Потом он просто уселся на броню. Стал осматривать окрестности, вертя головой.

— Что думаешь обо всем произошедшем, Селихов? — громко обратился ко мне Муха, перекрикивая гул мотора и хруст камешков под широкими колесами машины.

— Вы о сливе информации? — спросил я.

— Да, — кивнул Муха. — Ситуация странная. В кишлаке у нас четверо информаторов. Они делятся слухами, рассказывают, кто что видел. О чем говорят местные. Но просто не могут ничего знать о наших собственных планах. Ничего конкретного. Местные и без того видят передвижения советских войск. Несомненно, уже к вечеру в кишлаке знали, что мы прибыли на «Ландыш». Но откуда им знать подробности?

— На заставе тоже не знали о нашей разведывательной операции, — задумался я.

— Узнали, что мы приедем на «Ландыш», часов за десять до нашего отбытия. Вечером. Но подробностей им никто не сообщал.

— Радиоперехват? — спросил я.

Муха поджал губы. Задумчиво поднял взгляд к белесому от жары небу.

— Вряд ли. Но утечка уже есть. И прежде чем работать по линии проповедника, ее нужно выявить.

— Я слышал, он появлялся и в других кишлаках.

— Да, — кивнул Муха. — Но в этом — чаще всего. Здесь местные настроены к нам хуже остальных. В лицо улыбаются — а ночью хватаются за оружие, чтобы убивать шурави.

— Значит, идти малой группой под прикрытием слишком опасно, — сказал я.

— И у нас нет времени на продумывание легенды, — кивнул Муха. — В лучшем случае мы ничего не узнаем. В худшем — попадем в беду.

— Но в кишлак мы определенно пойдем.

— Да, — кивнул Муха. — Пойдем. Пойдем втроем — я, ты и Волков.

Я обернулся. Глянул на замкомвзвода. Волков сидел к нам спиной и, казалось, все внимание его было приковано к холмам, что вспучивались на теле равнины, немного дальше к югу от дороги.

— Он карьерист и подлиза, — сказал Муха, проследив за моим взглядом. — Но как боец — не подведет.

— А как разведчик?

— И как разведчик тоже. А вот за тобой я буду присматривать.

Я глянул на Муху. Старлей быстро прочитал в моем взгляде снисходительную иронию.

— У тебя не было опыта разведывательных операций, Селихов, — сказал Муха мрачно. — Не было опыта оперативной работы.

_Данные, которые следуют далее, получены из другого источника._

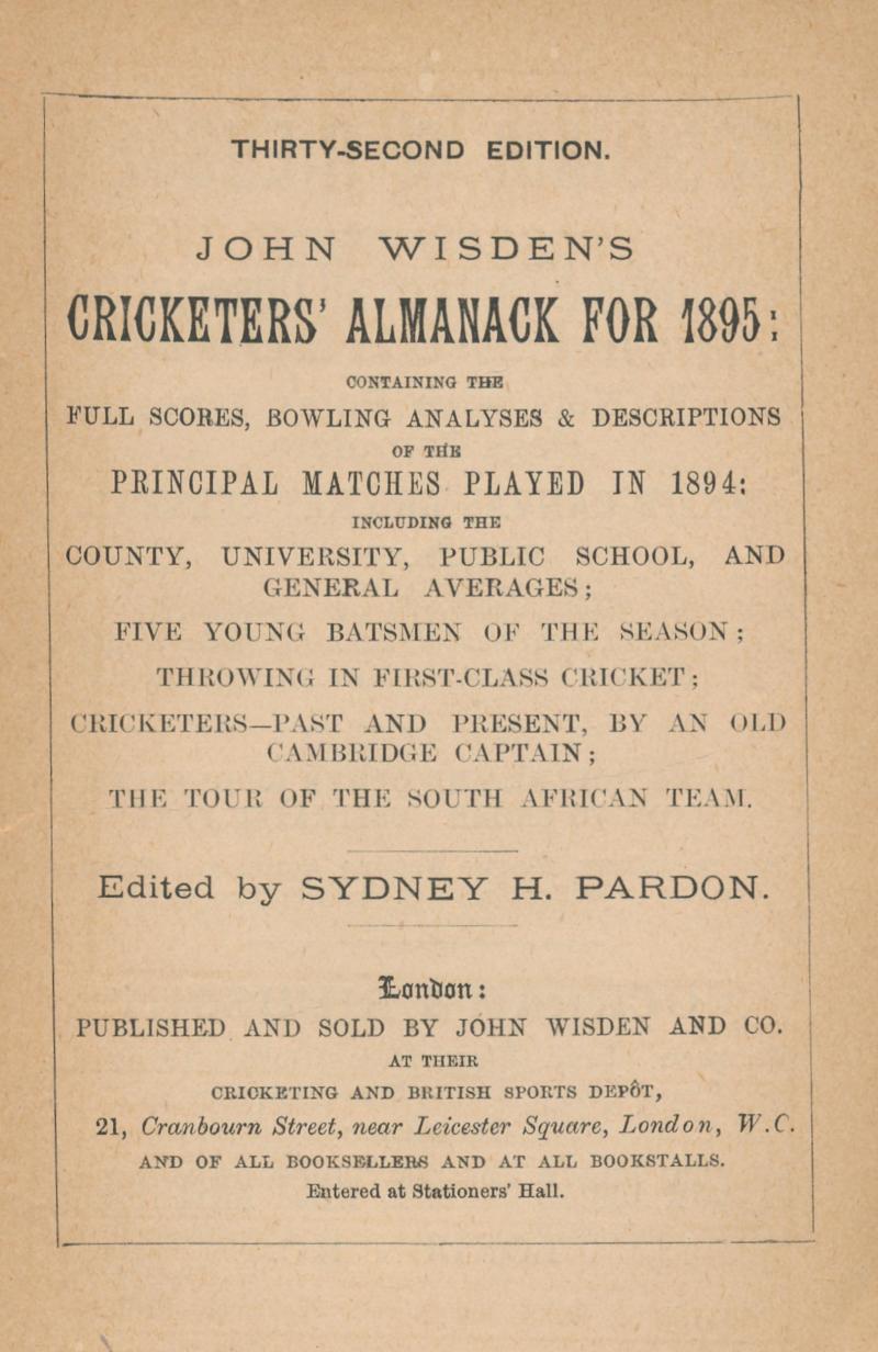 Wisden Cricketers Almanack for 1895, missing front wrapper, spine damaged, Fair condition. (Image1) (Image2)

Я пожал плечами. Муха был, как всегда, в своем репертуаре. В его словах, в его поступках буквально сквозило недоверие. Я был уверен, что если бы не обстоятельства, Муха бы лучше сам спустился в кяриз за Плюхиным. Но он должен был оставаться на своем посту и отдать эту работу мне.

Думается мне, немало нервов он себе потрепал, пока мы шарахались по подземным туннелям.

В таком его поведении читался определенный недостаток опыта. А может быть — личная травма, которую он перенес не так давно. Личная неудача, после которой разведвзводу потребовалось пополнение.

Нет, я не собирался расспрашивать Муху о том, что случилось с его людьми и им самим. На это у меня не было ровно никакого желания. Да и лезть в душу к людям без сильной надобности я не привык.

И тем не менее я четко понимал — Муха не вырастет над собой, ни преодолеет свои тревоги, пока не научится доверять своим бойцам.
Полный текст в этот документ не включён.